Insolibasidium

Scientific classification
- Kingdom: Fungi
- Division: Basidiomycota
- Class: Pucciniomycetes
- Order: Platygloeales
- Family: Platygloeaceae
- Genus: Insolibasidium Oberw. & Bandoni
- Species: I. deformans
- Binomial name: Insolibasidium deformans (C.J. Gould) Oberw. & Bandoni (1984)
- Synonyms: Herpobasidium deformans C.J. Gould (1945)

= Insolibasidium =

- Genus: Insolibasidium
- Species: deformans
- Authority: (C.J. Gould) Oberw. & Bandoni (1984)
- Synonyms: Herpobasidium deformans C.J. Gould (1945)
- Parent authority: Oberw. & Bandoni

Genus of fungi

Insolibasidium deformans is a species of fungus belonging to the order Platygloeales. It is currently the only species in the monotypic genus Insolibasidium. The fungus parasitizes leaves of various Lonicera species, causing honeysuckle leaf blight, a commercially significant disease in plant nurseries.

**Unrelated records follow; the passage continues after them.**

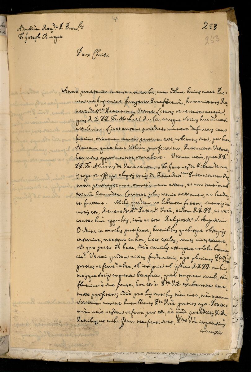 Carta de en latín de Fray Joanes de San Agustín a Fray Miguel Rubio, Fu-chou, 6 de marzo de 1699
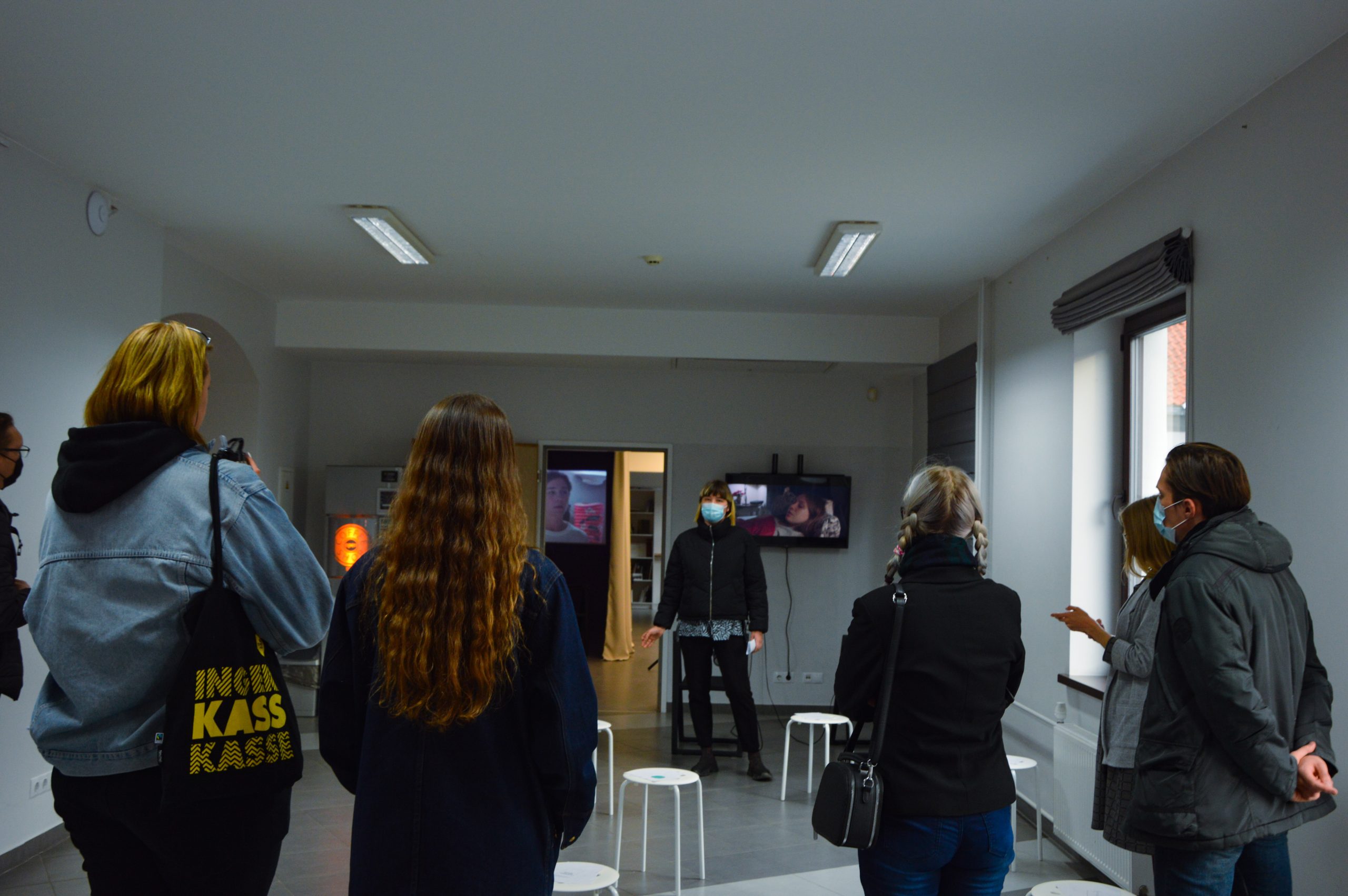 Parodoje „Belaukiant krypties“ eksponuojami menininkių Niamh Seana Meehan (Š. Airija) ir Gintės Regina (Lietuva) darbai jau buvo rodomi Šiuolaikinio meno centre Derry~Londonderry mieste Šiaurės Airijoje. Menininkės buvo pirmosios mainų rezidencijų programos „DeMo“ (Dekoduojant modernybę) dalyvės. Dar 2020 metų vasario mėnesį abi menininkės rezidavo programos partnerių organizacijose: Niamh Seana Meehan dirbo Kauno menininkų namuose, o Gintė Regina – Šiuolaikinio meno centre Derry~Londonderry. Ten, tais pačiais metais, jos surengė dvi individualias parodas vienu metu, kurios dabar susijungia parodoje „Belaukiant krypties“ Kaune. Paroda veiks iki rugsėjo 29 dienos.
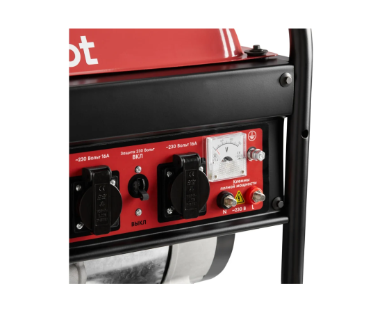Две розетки 16А облегчают использование с несколькими потребителями. Клеммы полной мощности 230 В позволяют задействовать всю мощность генератора в любых условиях, даже без использования штепсельной вилки: достаточно оголить концы проводов, накрутить их на клеммы и зажать защитными колпачками.
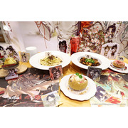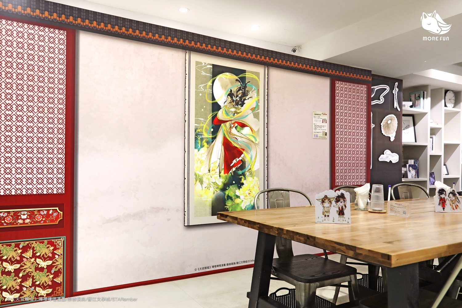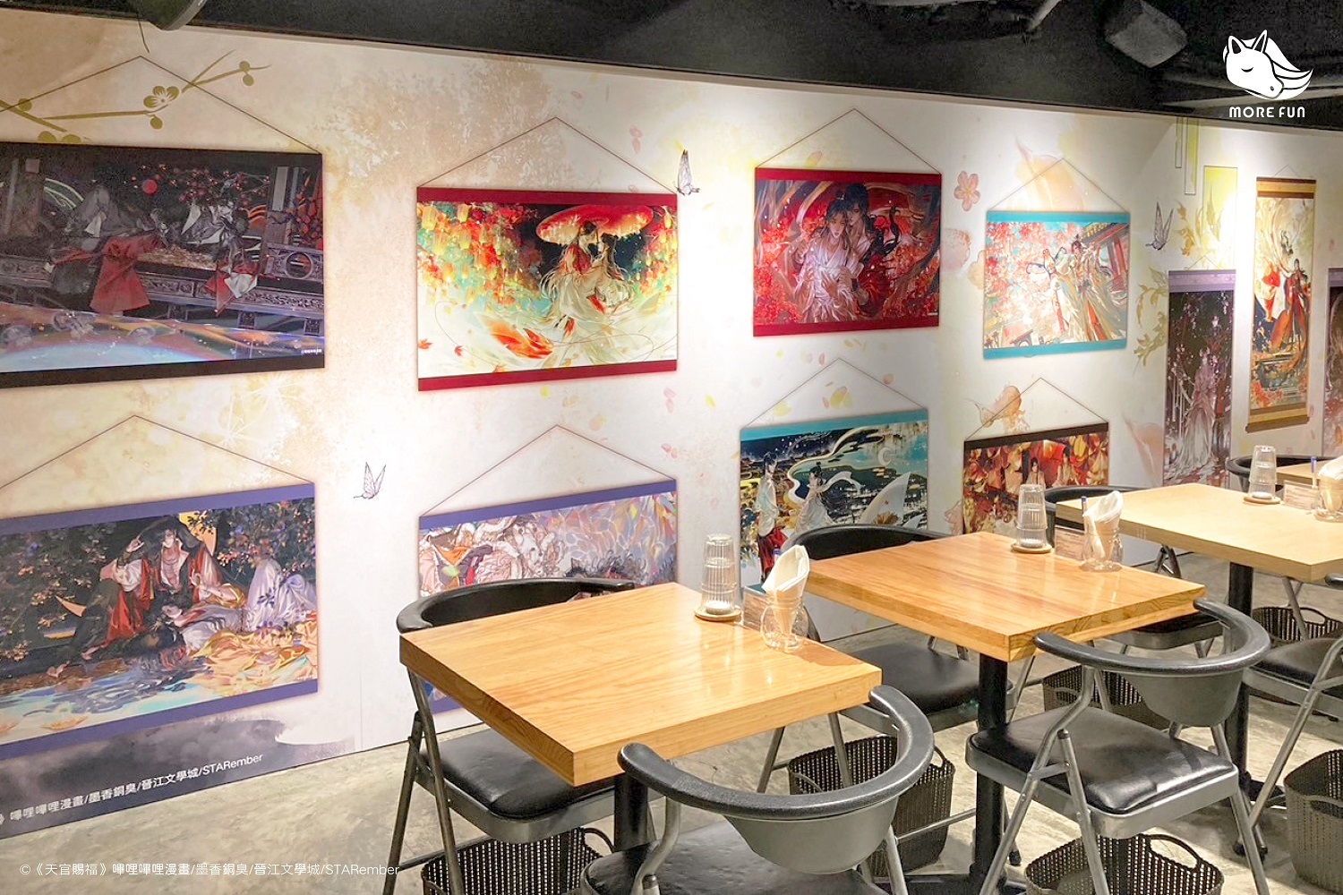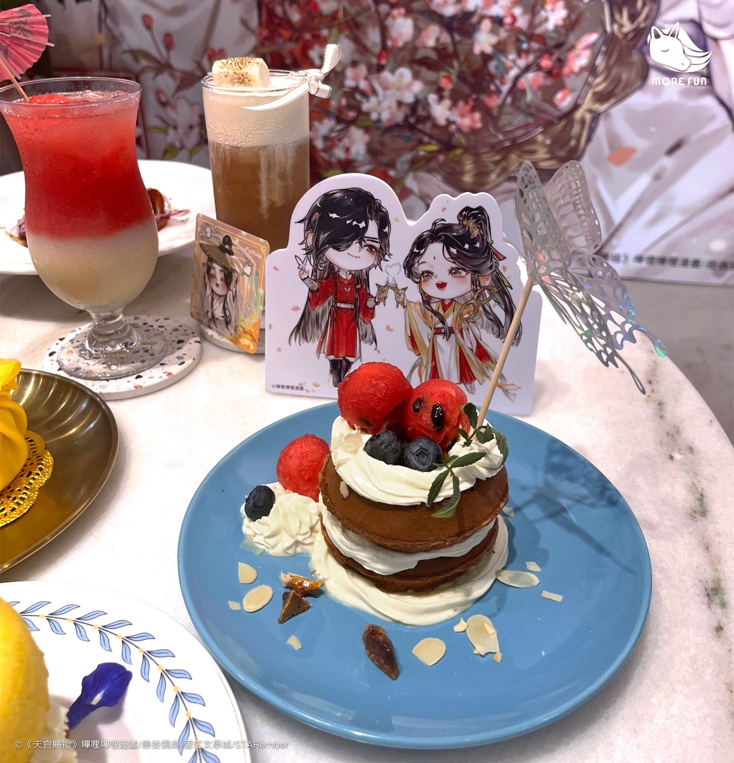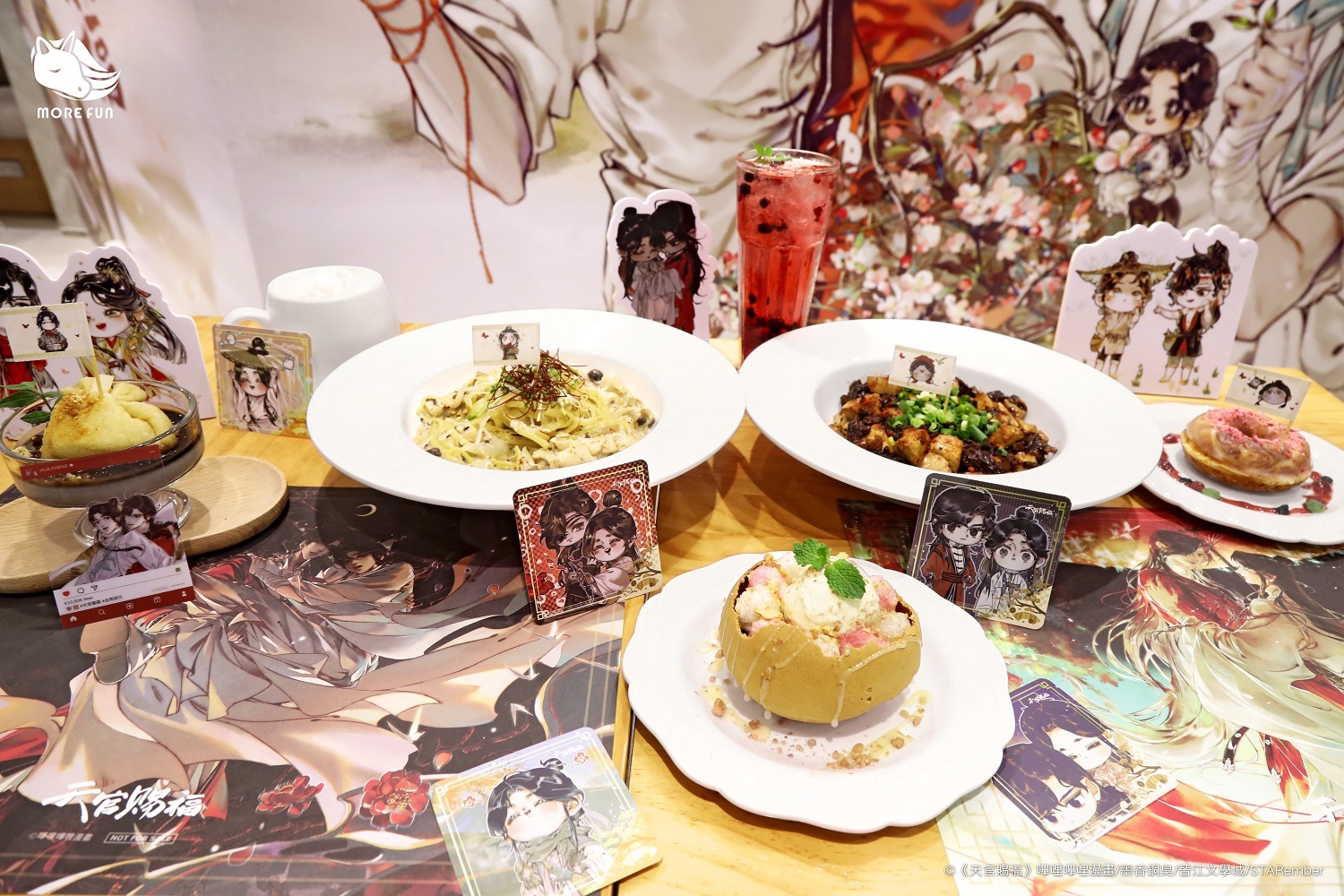 活動期間內特別推出了以「太子殿下—謝憐」、「絕境鬼王—花城」為主題的合作餐點及特色甜品,等著粉絲們來品嚐。消費指定活動餐點,隨餐附贈精美的限定餐墊、角色插旗,及角色杯墊。單筆消費合作餐點或週邊商品滿 600 元,還可獲得社群風透卡。各主題店現場的佈置也讓人宛如置身於

The known hosts for Insolibasidium deformans include at least 18 species of Lonicera. The fungus parasitizes host leaves, producing hyphae within the leaf tissues and basidia that protrude through the stomata. Microscopically, the basidia are auricularioid (tubular with lateral septa). Infected leaves become yellow, then brown, and finally dead and dry with brown areas. Leaves often become rolled and twisted and drop prematurely.

The species is native to North America and has been introduced into the UK where honeysuckle leaf blight was first observed in 2000 and into Australia, where the disease was first observed in 2003. It has also been recorded from Germany, Poland, and New Zealand.